Wonder of Being
What it is that dwelleth here,
I know not.
But my heart stands in awe
And the tears trickle down.
11th Century, Japan
My subject is wonder, and my starting point so obvious it often escapes us. It is me, sitting at a table looking out on the world. It is the fact that I exist, that there is anything at all. It is the givenness that astonishes: the fact that the mountains, the larch tree, the gentian, the jay, exist, and that someone called me is here to observe them. It is what the Cambridge philosopher Wittgenstein called 'existential wonder', and there is nowhere else to begin. Not with theories of the Big Bang, nor with what subatomic physics tells us of the nature of matter, but with the most disarming fact of all: the world is and it might not have been. It is: I am.

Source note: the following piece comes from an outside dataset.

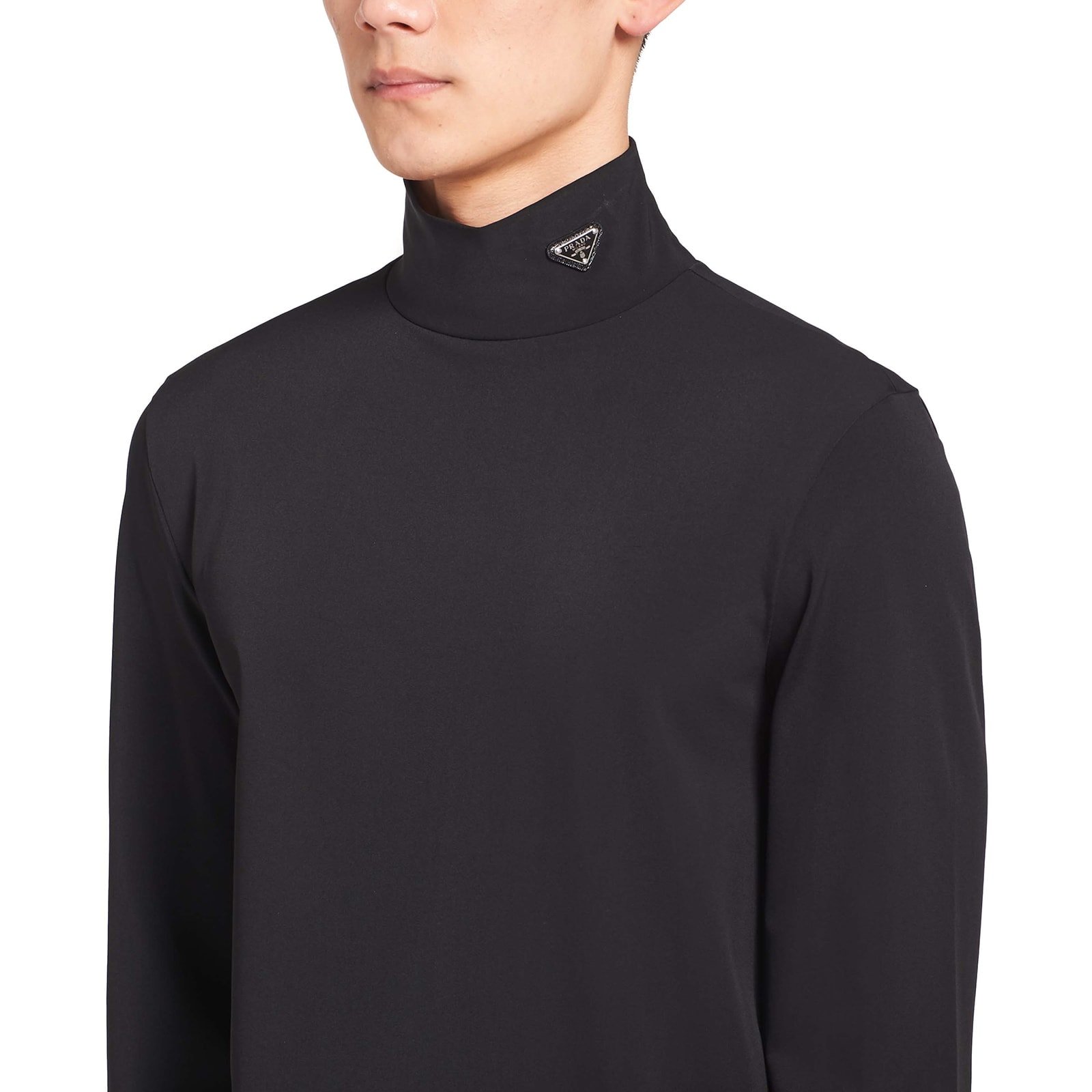 Emblematic of Prada since 1913, the enameled metal triangle logo decorates the turtleneck of this technical jersey sweater that blends classic minimalist allure with a sporty mood.
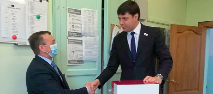 Депутаты Законодательного Собрания Свердловской области Михаил Зубарев и Владимир Радаев подарили сельской общеобразовательной школе оборудование для дезинфекции рук

That is the first wonder: what do we make of it?
Michael Mayne, "This Sunrise Of Wonder"
Let him who seeks not cease till he finds; and when he finds he will be astonished, and when he is astonished he will marvel, and will be king over all.
Gospel According to Thomas
When you eventually see through the veils to how things really are, you will keep saying again and again, This is certainly not like we thought it was!
Rumi
Roo went into a corner and practised jumping out at himself.
A.A. Milne, "The House At Pooh Corner"
And he that sat upon the throne said, "Behold I make all things new."
St. John the Divine
Why is there anything at all? Why is there so much as a twinge or a
tingle of consciousness, or a speck of a speck of matter? Why isn't
there just nothing whatever? Does the miraculous (no, impossible!)
uprush of the Self-originating One from primordial chaos and darkest
night, without help or reason - hoisting Himself into existence by his
own non-existent bootstraps - astound and delight you? If so, I can
assure you that it is you as Him, and certainly not you as Jane or
Henry or whoever, who are amazed, who are filled with admiration, who
jump for joy into the very special Joy that's born of that very special
and never-ceasing Miracle. The "impossible" Miracle of his
Self-creation, after which the creation of billions of universes, all
going strong, is nothing special, a matter of routine.
Douglas Harding. Article: "God."
The fact of my own existence as I write, as I exist at this second, is
so marvellous, so miracle-like, strange, and supernatural to me, that I
unhesitatingly conclude I am always on the margin of life illimitable,
and that there are higher conditions than existence. Everything around is supernatural; everything so full of unexplained meaning.